"The care of sheep is the subject of frequent allusion in Scripture. The shepherd leads (not drives) them to pasture and water (Ps. 23; 77:20; 78:52; 80:1); protects them at the risk of his life (John 10:15). To keep them from the cold and rain and beasts, he collects them in caves (1 Sam. 24:3) or enclosures built of rough stones (Num. 32:16; Judg. 5:16; Zeph. 2:6; John 10:1). The sheep know their shepherd, and heed his voice (John 10:4). It is one of the most interesting spectacles to see a number of flocks of thirsty sheep brought by their several shepherds to be watered at a fountain. Each flock, in obedience to the call of its own shepherd, lies down, awaiting its turn. The shepherd of one flock calls his sheep in squads, draws water for them, pours it into the troughs, and, when the squad has done, orders it away by sounds which the sheep perfectly understand, and calls up another squad. When the whole of one flock is watered, its shepherd signals to it, and the sheep rise and move leisurely away, while another flock comes in a similar manner to the troughs, and so on, until all the flocks are watered. The sheep never make any mistake as to who whistles to them or calls to them. 'They know not the voice of strangers' (John 10:5). Sometimes they are called by names (John 10:3). Syrian sheep are usually white (Ps. 147:16; Isa. 1:18; Dan. 7:9), but some are brown (Gen. 30:32-42; Revised Version 'black'). No animal mentioned in Scripture compares in symbolical interest and importance with the sheep. It is alluded to about five hundred times."
The Singing Pilgrim
A CHARACTERIZATION OF THE TWENTY-THIRD PSALM
HENRY WARD BEECHER
"The Twenty-third Psalm is the nightingale of the psalms. It is small, of a homely feather, singing shyly out of obscurity; but, oh, it has filled the air of the whole world with melodious joy, greater than the heart can conceive! Blessed be the day on which that psalm was born!
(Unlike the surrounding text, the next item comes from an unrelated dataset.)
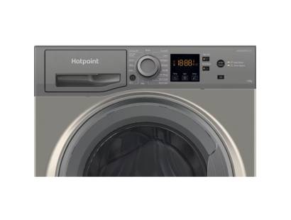 The Hotpoint NSWM1046GGUK Washing Machine has a 10kg capacity and a 1400 spin speed. It features an Anti-Stain cycle that ensures the machine can tackle the most common household stains without needing to pre-treat your clothes. It also benefits from a FullLoad 45 and is easily operated with its digital display. The NSWM1046GGUK Graphite Washing Machine has an A energy Class.
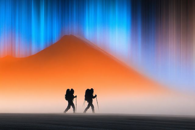 In an awe-inspiring dance of nature and adventure, two figures traverse an ethereal landscape under a sky ignited by the magical Aurora Borealis. Each step forward echoes the pulse of the wilderness, casting silhouettes against the iridescent glow that veins through the celestial expanse above. The backdrop is a dramatic juxtaposition of a fiery orange mountain peak, suggesting a volcanic presence or the last kiss of a sunset, colliding with the cool, spectral ribbons of the northern lights. This image, artfully blending the raw elements of fire and ice, invites the viewer into a narrative of resilience and exploration amidst the sublime forces of nature. As the hikers advance, poles in hand, they appear as intrepid spirits, embodying the quintessence of adventure against the canvas of the world's untouched frontiers. The atmospheric conditions swirl the colors of the scene into a poetic visualization of the planet's beautiful extremes, offering a captivating visual story that stirs the spirit and beckons the soul to wander.

"What would you say of a pilgrim commissioned of God to travel up and down the earth singing a strange melody, which, when once heard, caused him to forget whatever sorrow he had? And so the singing angel goes on his way through all lands, singing in the language of every nation, driving away trouble by the pulses of the air which his tongue moves with divine power. Behold just such an one! This pilgrim God has sent to speak in every language on the globe. It has charmed more griefs to rest than all the philosophy of the world. It has remanded to their dungeon more felon thoughts, more black doubts, more thieving sorrows, than there are sands on the seashore. It has comforted the noble host of the poor. It has sung courage to the army of the disappointed. It has poured balm and consolation into the heart of the sick, of captives in dungeons, of widows in their pinching griefs, of orphans in their loneliness. Dying soldiers have died easier as it was read to them; ghastly hospitals have been illuminated; it has visited the prisoner and broken his chains, and, like Peter's angel, led him forth in imagination, and sung him back to his home again. It has made the dying Christian slave freer than his master, and consoled those whom, dying, he left behind, mourning not so much that he was gone as because they were left behind and could not go too.
"Nor is its work done. It will go on singing to your children and my children, and to their children, through all the generations of time; nor will it fold its wings till the last pilgrim is safe, and time ended; and then it shall fly back to the bosom of God, whence it issued, and sound on, mingled with all those sounds of celestial joy which make heaven musical forever."